Putting the public back into health

It is time the government did something about health care. No, not that. It should attend to the real field of public health. Canada finally does have a minister of public health, Dr. Carolyn Bennett. Regrettably, she just told this newspaper: "I think, as governments, it is our moral responsibility to do whatever we can to help people stay healthy." I do not know what political philosophy would justify such a dangerously open-ended statement. But even on the charitable assumption that it was mere bombast, it suggests a troubling lack of focus.

The proper concern of public health, a clear core responsibility of government, is diseases and conditions that pose health risks bystanders cannot control. I don't want to get sidetracked here by the arguments about second-hand smoke that underlay her remarks; all that shouting about consensus, questioning of motives and proposals to meddle in the lives of vulgar persons is too characteristic of politics not science.

Nor do I want Dr. Bennett to get sidetracked. And in the face of SARS, flu and "mad cow," I worry as much about what such rhetoric might distract her from doing as what it might excuse her doing. It's an old rule that "he who guards everything guards nothing" and she must prioritize. Start with Bovine Spongiform Encephalopathy (BSE) and its horrifying human equivalent Creutzfeldt-Jakob Disease (CJD).

Safety experts are right that the public often misjudges risk. For instance, pigs kill more people a year than sharks. And they are right that a rational person should estimate both how likely a pig is to assail you and how bad it will be if one does. But for that reason they should not mock the strong popular aversion to unknown risks. If you know something is bad but not whether it is likely, or that it is likely but not whether it is bad, you can't do the math. Which is truly scary.

It is not rational as a general rule to test every bite of food before consuming it. But when we know we face a risk whose dimensions we do not know, it makes sense to undertake a meticulous inspection of our beef supply to understand not just the incidence but also the epidemiology of BSE and CJD. Andrew Nikiforuk just warned of a few small-scale studies that found some "Alzheimers" patients actually died of CJD, so just possibly BSE is far more widespread than we think. I doubt it, and I'm not in the business of peddling panic. But I certainly want to check it out. Later, less exhaustive sampling will suffice once the problem's outlines are understood.

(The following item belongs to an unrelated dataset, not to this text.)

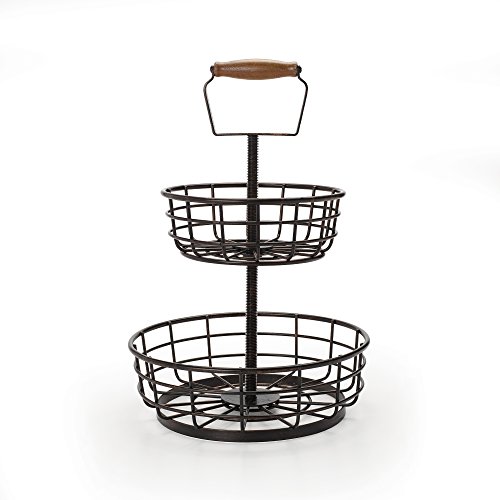 Gourmet Basics by Mikasa Adjustable 2-Tier Metal Basket, Antique Black

Next, Dr. Bennett could usefully concentrate on influenza. Here we know a few things including that another pandemic is overdue and that most flu pandemics are not like the dreaded Spanish flu, with its puzzling tendency to kill healthy young adults. Unfortunately we also know this year's vaccine targeted the wrong strain and it's too late to fix it now. So it's troubling to read in Tuesday's Citizen that "Health Canada is working with the provinces and territories on a national influenza response plan" but can't get suitable vaccine in time and isn't stockpiling antiviral drugs. There may be little we can do, but at least let's have drugs, and whatever useful vaccine can be manufactured quickly, available to key emergency response workers before the next big one hits.

Third, "iatrogenics," that is, the ways in which health care inadvertently causes illness. A recent spate of disquieting stories about improper hospital sterilization processes may be just the tip of the probe here. So as with BSE, the first priority should be getting a grasp on how widespread such problems are, including the breeding of "superbugs" in hospitals.

Fourth, indeed, is the proliferation of drug-resistant diseases. It's partly bad medical practices, from overprescribing antibiotics (to patients who then don't follow the regimen properly) to poor hospital sterilization. But as evolution is not our friend here, our options may again be limited. Since we already know part of the answer must be a return to old-fashioned barrier medicine, let's do it.

Fifth, emergent diseases. Some environmentalists claim things like Ebola are Mother Nature's revenge for our messing up ecosystems and unless we stop, the Red Death will come for us. Perhaps. Or we may have poked our noses into almost every swamp by now so few such surprises await us. Either way, jet travel favours viruses, so be as ready as we can to track and contain them, especially those we cannot cure.

Dr. Bennett, forget doing "whatever we can to help people stay healthy." Identify key health risks we can't mitigate for ourselves, study their scope, and make what plans you can to deal with them, ideally before they hit page one.

It is a logical requirement of political philosophy. It is your legal duty. And it is very much your moral duty.